Given data START
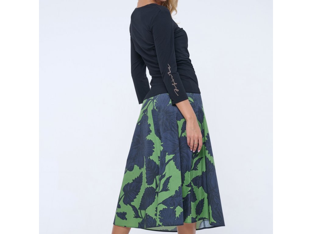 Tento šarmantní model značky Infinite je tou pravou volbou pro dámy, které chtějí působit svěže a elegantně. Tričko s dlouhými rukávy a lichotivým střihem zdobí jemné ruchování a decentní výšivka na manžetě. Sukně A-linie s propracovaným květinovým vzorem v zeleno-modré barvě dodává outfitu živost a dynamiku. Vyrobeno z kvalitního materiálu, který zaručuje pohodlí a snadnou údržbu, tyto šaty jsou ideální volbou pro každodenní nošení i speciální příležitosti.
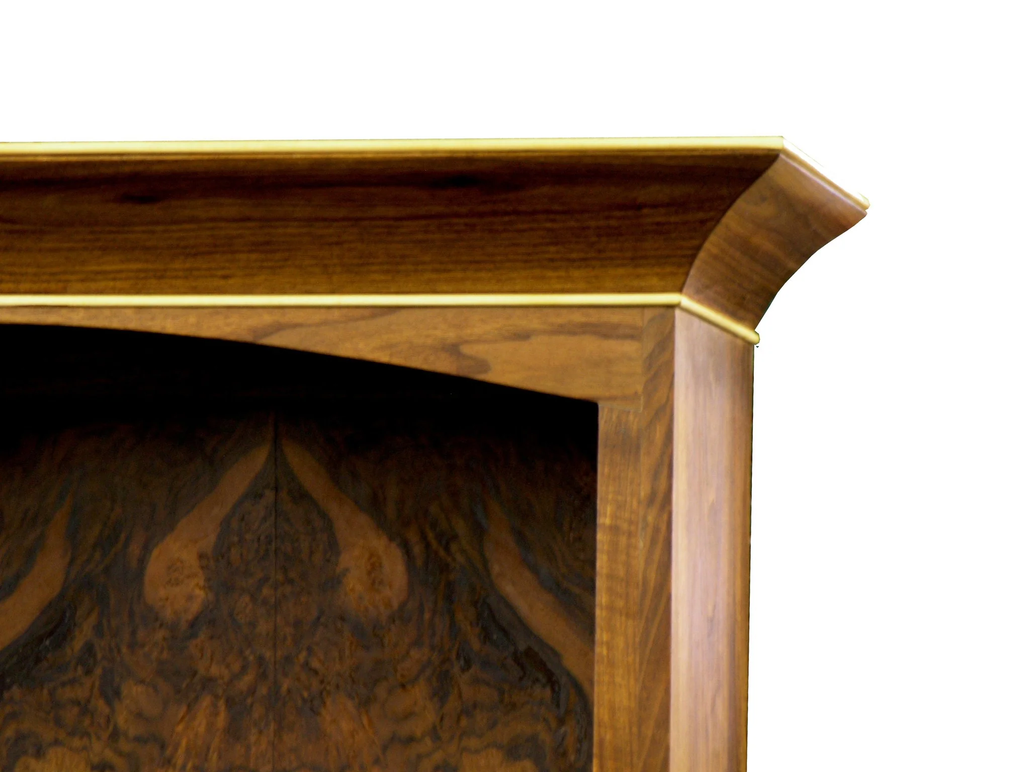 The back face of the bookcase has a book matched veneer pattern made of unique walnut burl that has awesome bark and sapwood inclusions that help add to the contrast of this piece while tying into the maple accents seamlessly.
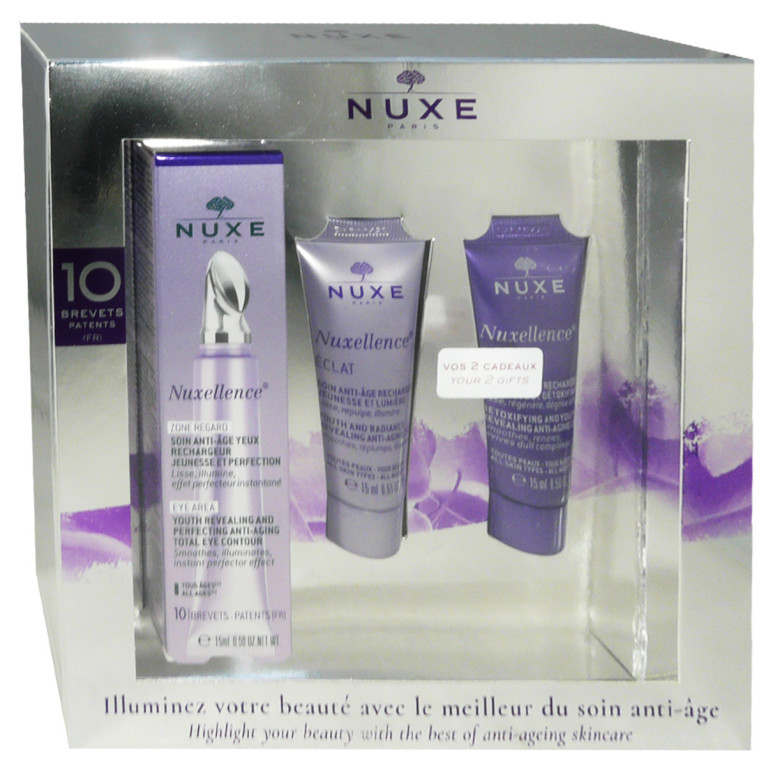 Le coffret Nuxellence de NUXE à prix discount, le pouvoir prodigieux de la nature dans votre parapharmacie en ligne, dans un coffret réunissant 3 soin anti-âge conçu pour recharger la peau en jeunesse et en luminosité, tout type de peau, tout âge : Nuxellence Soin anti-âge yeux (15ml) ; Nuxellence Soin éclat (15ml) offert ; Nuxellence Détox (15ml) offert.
Given data END
Assignment –
With pictures left out, transcribe each line from the one containing "The back face" through the end of the data, both ends included.

Answer to the exercise –
 The back face of the bookcase has a book matched veneer pattern made of unique walnut burl that has awesome bark and sapwood inclusions that help add to the contrast of this piece while tying into the maple accents seamlessly.
 Le coffret Nuxellence de NUXE à prix discount, le pouvoir prodigieux de la nature dans votre parapharmacie en ligne, dans un coffret réunissant 3 soin anti-âge conçu pour recharger la peau en jeunesse et en luminosité, tout type de peau, tout âge : Nuxellence Soin anti-âge yeux (15ml) ; Nuxellence Soin éclat (15ml) offert ; Nuxellence Détox (15ml) offert.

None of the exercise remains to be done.